Exercise objective »
Omit all pictures, then print the entries exactly.

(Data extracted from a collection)

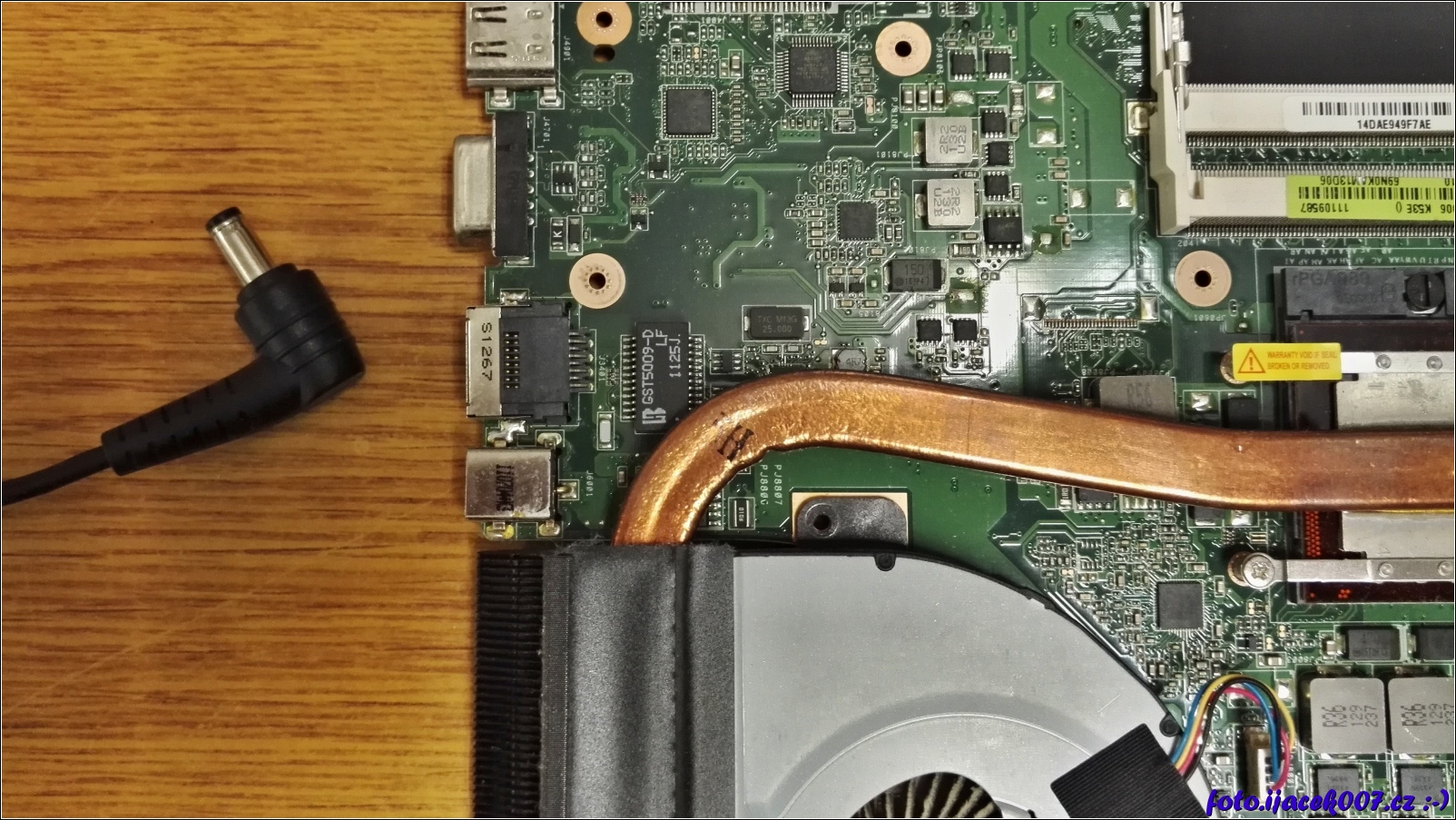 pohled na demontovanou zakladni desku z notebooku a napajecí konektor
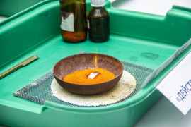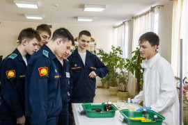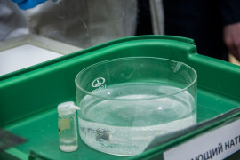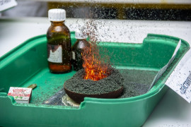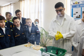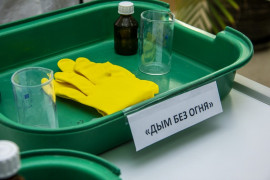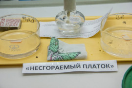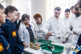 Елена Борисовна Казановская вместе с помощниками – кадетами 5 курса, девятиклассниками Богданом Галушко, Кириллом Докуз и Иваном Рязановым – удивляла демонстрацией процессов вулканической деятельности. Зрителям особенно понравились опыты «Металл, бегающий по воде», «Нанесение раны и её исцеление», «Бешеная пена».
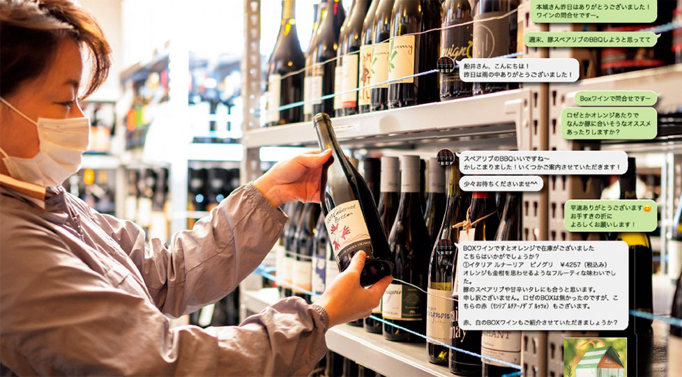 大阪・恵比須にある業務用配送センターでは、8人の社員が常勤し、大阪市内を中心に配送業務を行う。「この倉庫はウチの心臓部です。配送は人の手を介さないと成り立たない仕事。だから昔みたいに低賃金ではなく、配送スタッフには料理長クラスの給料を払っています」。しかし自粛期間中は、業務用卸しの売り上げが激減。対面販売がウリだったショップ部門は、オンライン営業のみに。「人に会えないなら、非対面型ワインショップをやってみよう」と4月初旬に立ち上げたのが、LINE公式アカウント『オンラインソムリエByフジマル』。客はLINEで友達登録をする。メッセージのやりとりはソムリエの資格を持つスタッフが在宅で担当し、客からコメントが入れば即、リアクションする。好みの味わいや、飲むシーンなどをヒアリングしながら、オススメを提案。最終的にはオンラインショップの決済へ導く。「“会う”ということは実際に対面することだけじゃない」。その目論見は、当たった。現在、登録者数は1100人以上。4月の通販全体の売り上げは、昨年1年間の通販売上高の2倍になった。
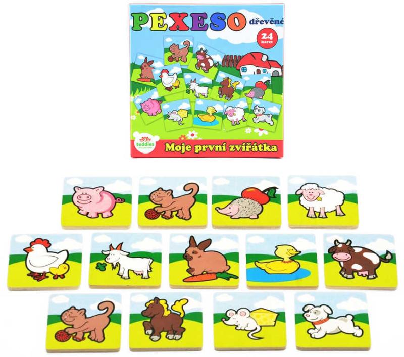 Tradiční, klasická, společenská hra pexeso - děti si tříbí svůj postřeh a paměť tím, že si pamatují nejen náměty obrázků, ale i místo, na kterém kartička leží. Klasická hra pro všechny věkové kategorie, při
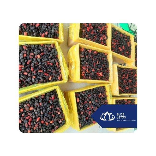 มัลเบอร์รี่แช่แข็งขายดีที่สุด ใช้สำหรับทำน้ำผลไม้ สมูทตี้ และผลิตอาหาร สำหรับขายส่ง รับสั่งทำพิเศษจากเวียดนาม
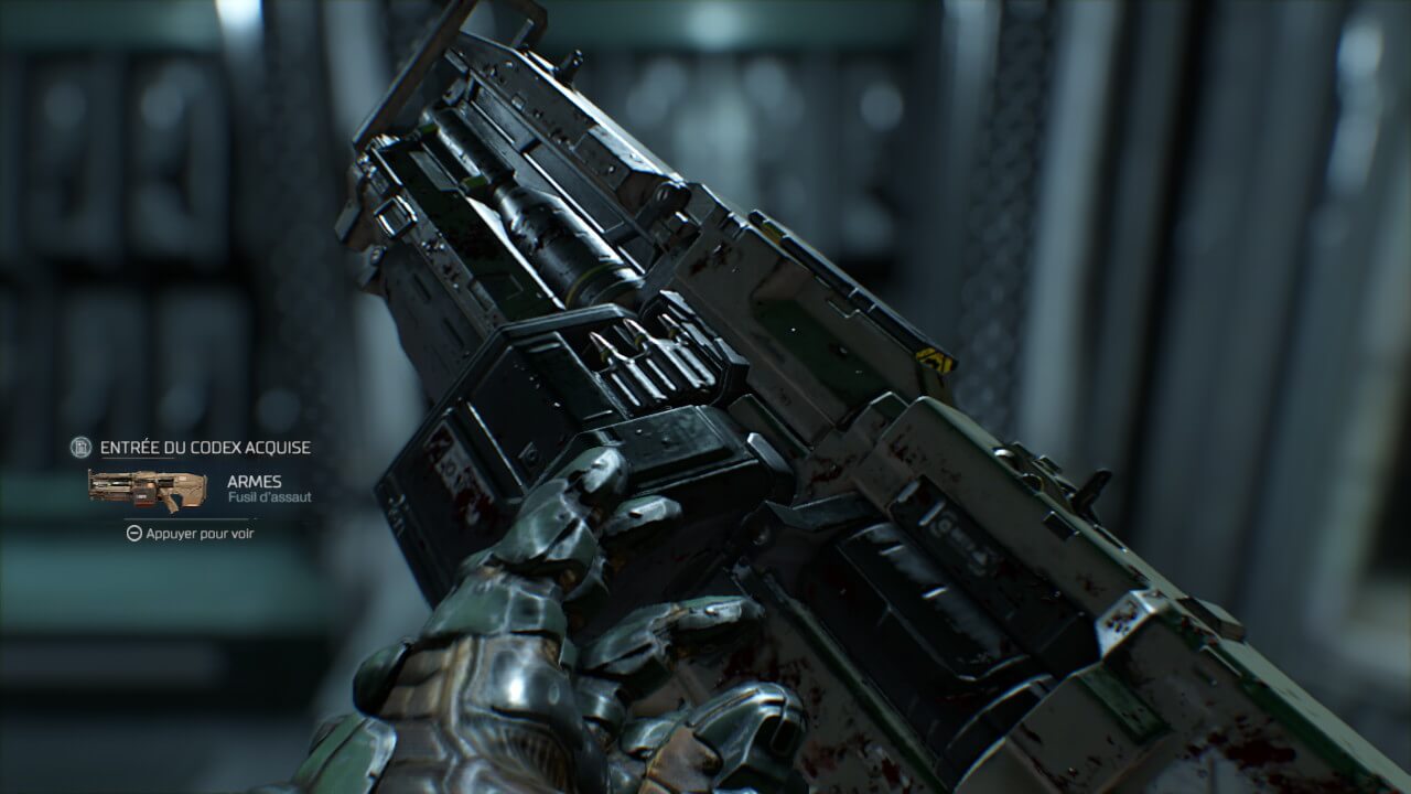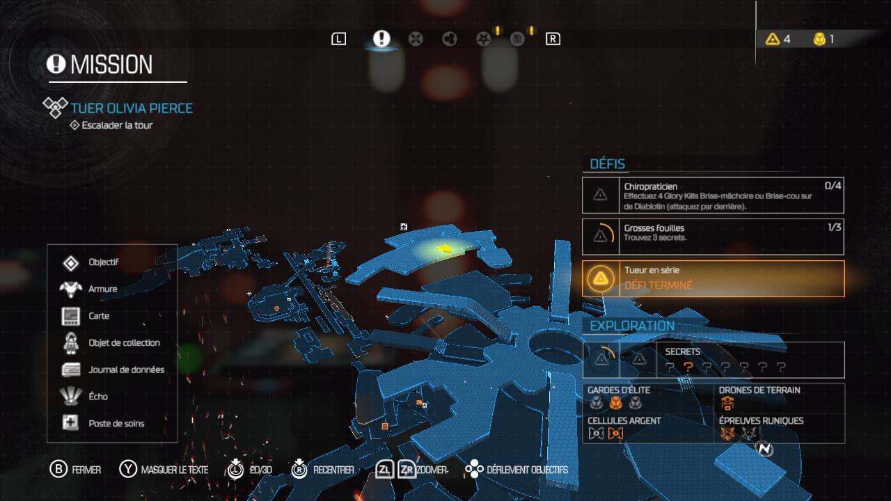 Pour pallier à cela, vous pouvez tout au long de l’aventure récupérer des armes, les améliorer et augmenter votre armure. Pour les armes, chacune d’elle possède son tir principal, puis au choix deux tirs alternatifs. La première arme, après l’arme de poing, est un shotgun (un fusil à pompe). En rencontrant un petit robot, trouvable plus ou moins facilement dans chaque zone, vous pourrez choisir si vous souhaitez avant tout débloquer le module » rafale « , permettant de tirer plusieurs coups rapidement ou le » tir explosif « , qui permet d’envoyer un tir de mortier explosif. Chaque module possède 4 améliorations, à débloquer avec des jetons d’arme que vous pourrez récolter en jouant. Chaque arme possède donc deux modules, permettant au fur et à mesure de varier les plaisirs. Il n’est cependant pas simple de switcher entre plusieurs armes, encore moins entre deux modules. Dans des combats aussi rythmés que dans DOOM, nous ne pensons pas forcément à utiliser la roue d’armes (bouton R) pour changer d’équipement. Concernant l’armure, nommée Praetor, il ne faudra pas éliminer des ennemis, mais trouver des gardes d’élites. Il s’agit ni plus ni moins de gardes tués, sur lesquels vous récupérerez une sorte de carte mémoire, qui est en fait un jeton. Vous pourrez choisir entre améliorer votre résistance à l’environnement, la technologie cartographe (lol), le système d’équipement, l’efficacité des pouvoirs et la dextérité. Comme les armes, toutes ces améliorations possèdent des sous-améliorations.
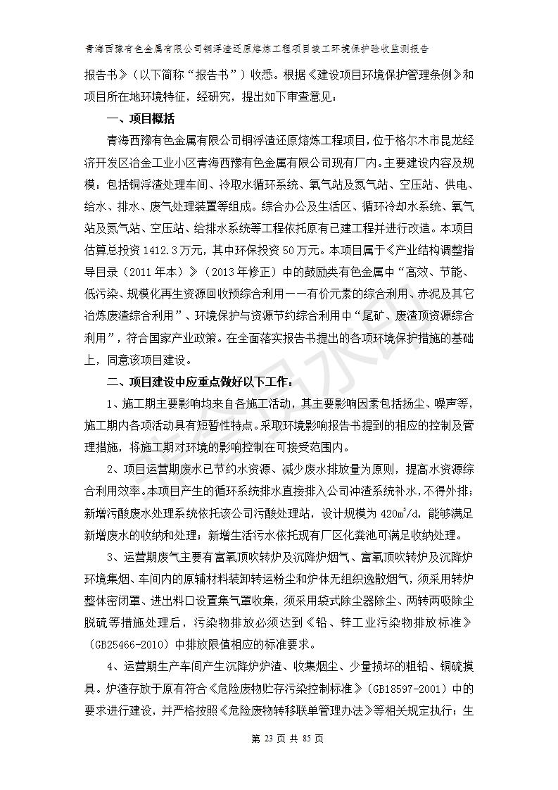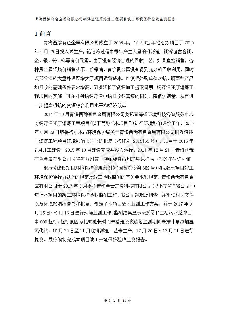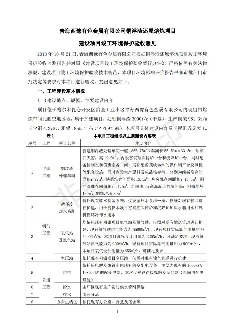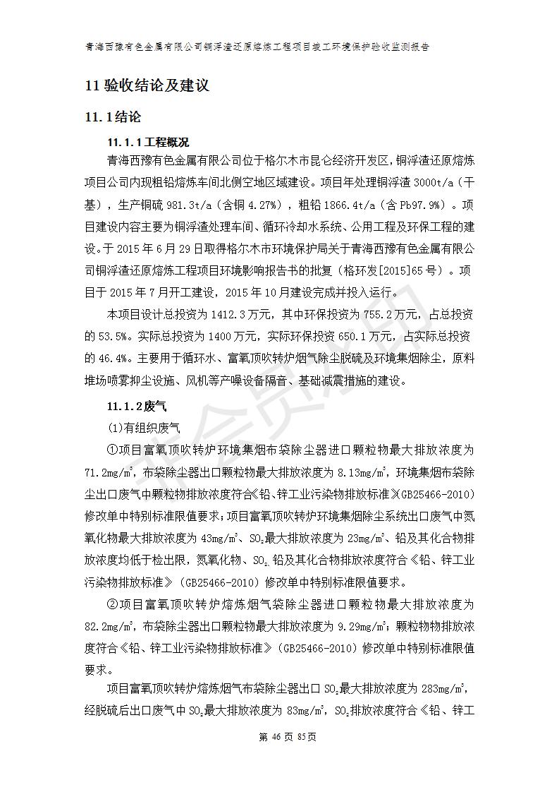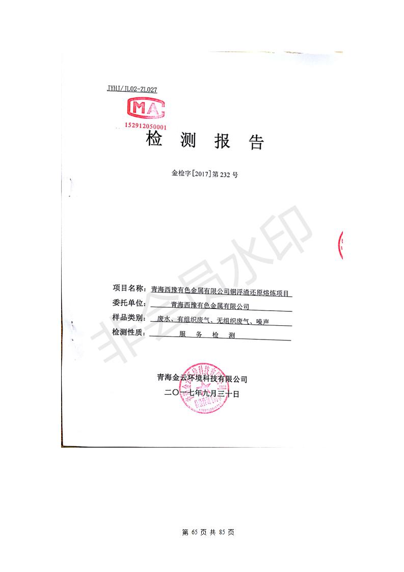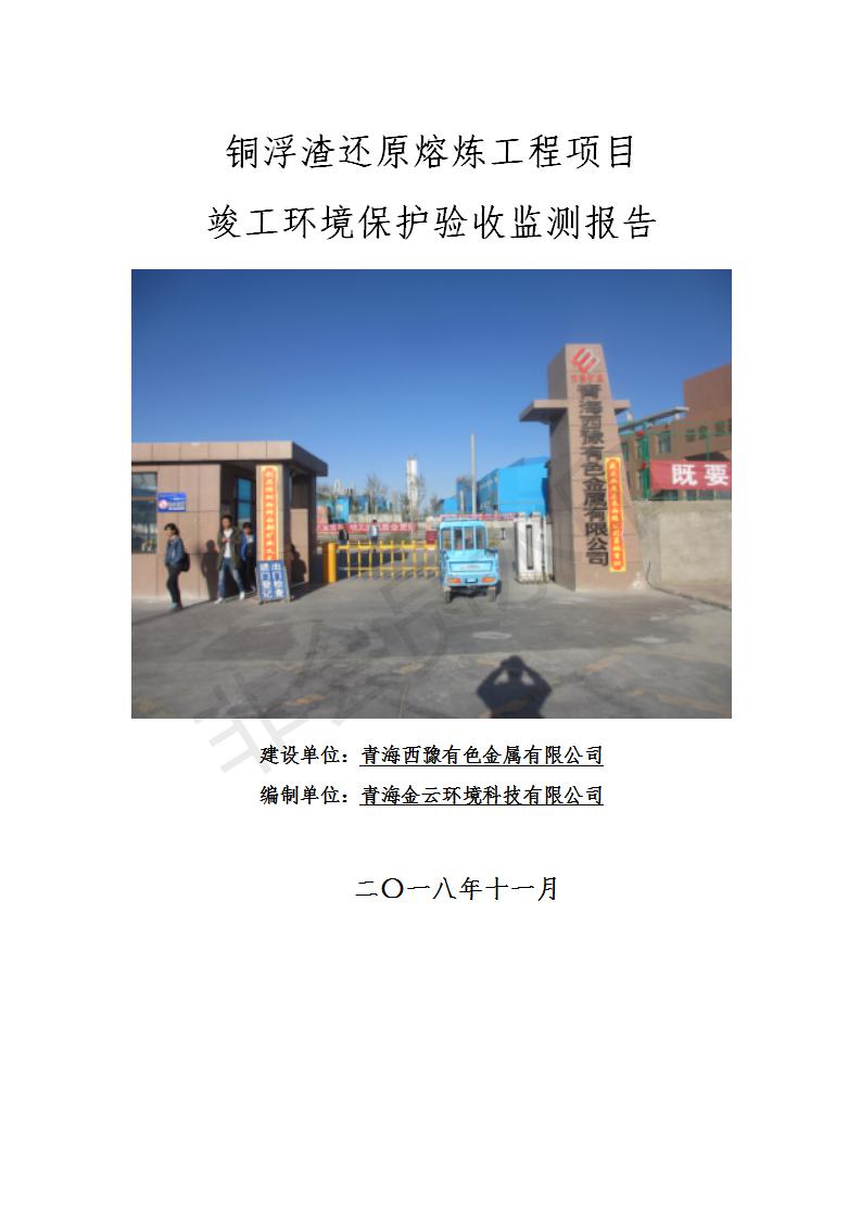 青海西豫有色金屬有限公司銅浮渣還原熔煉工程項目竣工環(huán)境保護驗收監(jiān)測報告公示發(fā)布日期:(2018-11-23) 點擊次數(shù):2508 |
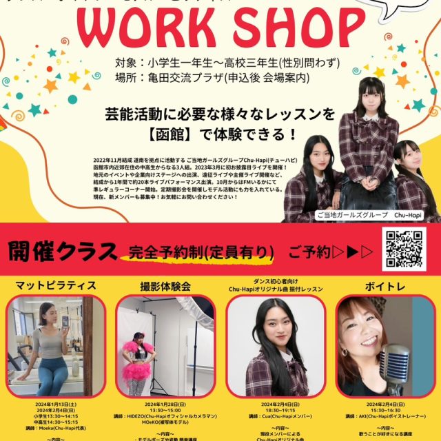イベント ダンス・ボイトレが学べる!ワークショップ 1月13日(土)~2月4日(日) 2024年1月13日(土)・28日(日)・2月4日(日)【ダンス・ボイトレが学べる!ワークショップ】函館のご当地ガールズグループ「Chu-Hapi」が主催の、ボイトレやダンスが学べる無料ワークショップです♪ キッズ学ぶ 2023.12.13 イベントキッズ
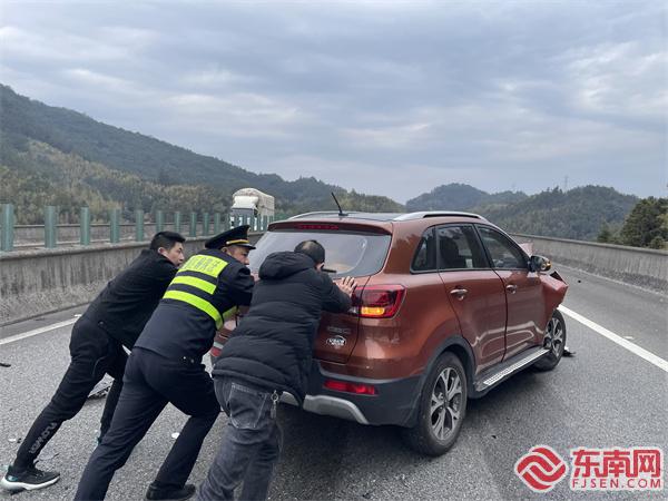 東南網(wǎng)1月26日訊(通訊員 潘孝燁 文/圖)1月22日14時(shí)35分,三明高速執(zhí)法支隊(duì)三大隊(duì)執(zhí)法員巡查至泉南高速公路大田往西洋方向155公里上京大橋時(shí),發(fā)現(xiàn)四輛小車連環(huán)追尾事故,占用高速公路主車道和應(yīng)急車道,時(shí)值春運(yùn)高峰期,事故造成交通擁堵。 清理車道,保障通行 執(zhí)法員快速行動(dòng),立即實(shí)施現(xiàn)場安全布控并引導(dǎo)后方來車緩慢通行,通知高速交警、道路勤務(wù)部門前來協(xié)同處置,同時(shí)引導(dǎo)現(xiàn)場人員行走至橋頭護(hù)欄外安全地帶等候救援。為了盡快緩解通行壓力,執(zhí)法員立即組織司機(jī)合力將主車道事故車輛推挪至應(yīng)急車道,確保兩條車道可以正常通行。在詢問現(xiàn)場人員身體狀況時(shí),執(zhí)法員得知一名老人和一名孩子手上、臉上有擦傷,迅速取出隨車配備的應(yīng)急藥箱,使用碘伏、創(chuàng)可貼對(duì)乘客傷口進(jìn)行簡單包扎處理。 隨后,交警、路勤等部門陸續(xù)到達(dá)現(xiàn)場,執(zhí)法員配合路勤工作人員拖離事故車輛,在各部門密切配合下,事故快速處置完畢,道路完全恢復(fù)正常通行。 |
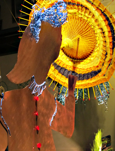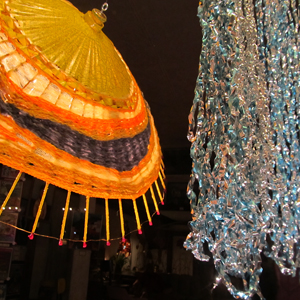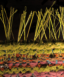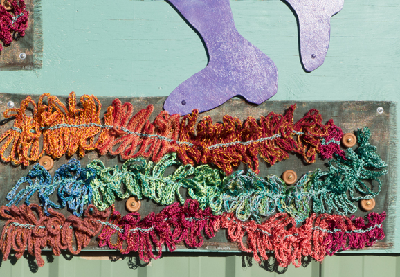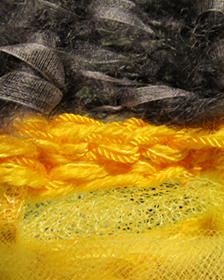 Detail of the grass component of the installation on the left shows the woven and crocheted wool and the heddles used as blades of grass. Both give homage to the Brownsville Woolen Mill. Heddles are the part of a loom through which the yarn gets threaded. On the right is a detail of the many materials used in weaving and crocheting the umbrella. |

Solution to the exercise »
 pohled na demontovanou zakladni desku z notebooku a napajecí konektor
 Елена Борисовна Казановская вместе с помощниками – кадетами 5 курса, девятиклассниками Богданом Галушко, Кириллом Докуз и Иваном Рязановым – удивляла демонстрацией процессов вулканической деятельности. Зрителям особенно понравились опыты «Металл, бегающий по воде», «Нанесение раны и её исцеление», «Бешеная пена».
 大阪・恵比須にある業務用配送センターでは、8人の社員が常勤し、大阪市内を中心に配送業務を行う。「この倉庫はウチの心臓部です。配送は人の手を介さないと成り立たない仕事。だから昔みたいに低賃金ではなく、配送スタッフには料理長クラスの給料を払っています」。しかし自粛期間中は、業務用卸しの売り上げが激減。対面販売がウリだったショップ部門は、オンライン営業のみに。「人に会えないなら、非対面型ワインショップをやってみよう」と4月初旬に立ち上げたのが、LINE公式アカウント『オンラインソムリエByフジマル』。客はLINEで友達登録をする。メッセージのやりとりはソムリエの資格を持つスタッフが在宅で担当し、客からコメントが入れば即、リアクションする。好みの味わいや、飲むシーンなどをヒアリングしながら、オススメを提案。最終的にはオンラインショップの決済へ導く。「“会う”ということは実際に対面することだけじゃない」。その目論見は、当たった。現在、登録者数は1100人以上。4月の通販全体の売り上げは、昨年1年間の通販売上高の2倍になった。
 Tradiční, klasická, společenská hra pexeso - děti si tříbí svůj postřeh a paměť tím, že si pamatují nejen náměty obrázků, ale i místo, na kterém kartička leží. Klasická hra pro všechny věkové kategorie, při
 มัลเบอร์รี่แช่แข็งขายดีที่สุด ใช้สำหรับทำน้ำผลไม้ สมูทตี้ และผลิตอาหาร สำหรับขายส่ง รับสั่งทำพิเศษจากเวียดนาม
 Pour pallier à cela, vous pouvez tout au long de l’aventure récupérer des armes, les améliorer et augmenter votre armure. Pour les armes, chacune d’elle possède son tir principal, puis au choix deux tirs alternatifs. La première arme, après l’arme de poing, est un shotgun (un fusil à pompe). En rencontrant un petit robot, trouvable plus ou moins facilement dans chaque zone, vous pourrez choisir si vous souhaitez avant tout débloquer le module » rafale « , permettant de tirer plusieurs coups rapidement ou le » tir explosif « , qui permet d’envoyer un tir de mortier explosif. Chaque module possède 4 améliorations, à débloquer avec des jetons d’arme que vous pourrez récolter en jouant. Chaque arme possède donc deux modules, permettant au fur et à mesure de varier les plaisirs. Il n’est cependant pas simple de switcher entre plusieurs armes, encore moins entre deux modules. Dans des combats aussi rythmés que dans DOOM, nous ne pensons pas forcément à utiliser la roue d’armes (bouton R) pour changer d’équipement. Concernant l’armure, nommée Praetor, il ne faudra pas éliminer des ennemis, mais trouver des gardes d’élites. Il s’agit ni plus ni moins de gardes tués, sur lesquels vous récupérerez une sorte de carte mémoire, qui est en fait un jeton. Vous pourrez choisir entre améliorer votre résistance à l’environnement, la technologie cartographe (lol), le système d’équipement, l’efficacité des pouvoirs et la dextérité. Comme les armes, toutes ces améliorations possèdent des sous-améliorations.
 青海西豫有色金屬有限公司銅浮渣還原熔煉工程項目竣工環(huán)境保護驗收監(jiān)測報告公示發(fā)布日期:(2018-11-23) 點擊次數(shù):2508 |
イベント ダンス・ボイトレが学べる!ワークショップ 1月13日(土)~2月4日(日) 2024年1月13日(土)・28日(日)・2月4日(日)【ダンス・ボイトレが学べる!ワークショップ】函館のご当地ガールズグループ「Chu-Hapi」が主催の、ボイトレやダンスが学べる無料ワークショップです♪ キッズ学ぶ 2023.12.13 イベントキッズ
 東南網(wǎng)1月26日訊(通訊員 潘孝燁 文/圖)1月22日14時(shí)35分,三明高速執(zhí)法支隊(duì)三大隊(duì)執(zhí)法員巡查至泉南高速公路大田往西洋方向155公里上京大橋時(shí),發(fā)現(xiàn)四輛小車連環(huán)追尾事故,占用高速公路主車道和應(yīng)急車道,時(shí)值春運(yùn)高峰期,事故造成交通擁堵。 清理車道,保障通行 執(zhí)法員快速行動(dòng),立即實(shí)施現(xiàn)場安全布控并引導(dǎo)后方來車緩慢通行,通知高速交警、道路勤務(wù)部門前來協(xié)同處置,同時(shí)引導(dǎo)現(xiàn)場人員行走至橋頭護(hù)欄外安全地帶等候救援。為了盡快緩解通行壓力,執(zhí)法員立即組織司機(jī)合力將主車道事故車輛推挪至應(yīng)急車道,確保兩條車道可以正常通行。在詢問現(xiàn)場人員身體狀況時(shí),執(zhí)法員得知一名老人和一名孩子手上、臉上有擦傷,迅速取出隨車配備的應(yīng)急藥箱,使用碘伏、創(chuàng)可貼對(duì)乘客傷口進(jìn)行簡單包扎處理。 隨后,交警、路勤等部門陸續(xù)到達(dá)現(xiàn)場,執(zhí)法員配合路勤工作人員拖離事故車輛,在各部門密切配合下,事故快速處置完畢,道路完全恢復(fù)正常通行。 |
 Detail of the grass component of the installation on the left shows the woven and crocheted wool and the heddles used as blades of grass. Both give homage to the Brownsville Woolen Mill. Heddles are the part of a loom through which the yarn gets threaded. On the right is a detail of the many materials used in weaving and crocheting the umbrella. |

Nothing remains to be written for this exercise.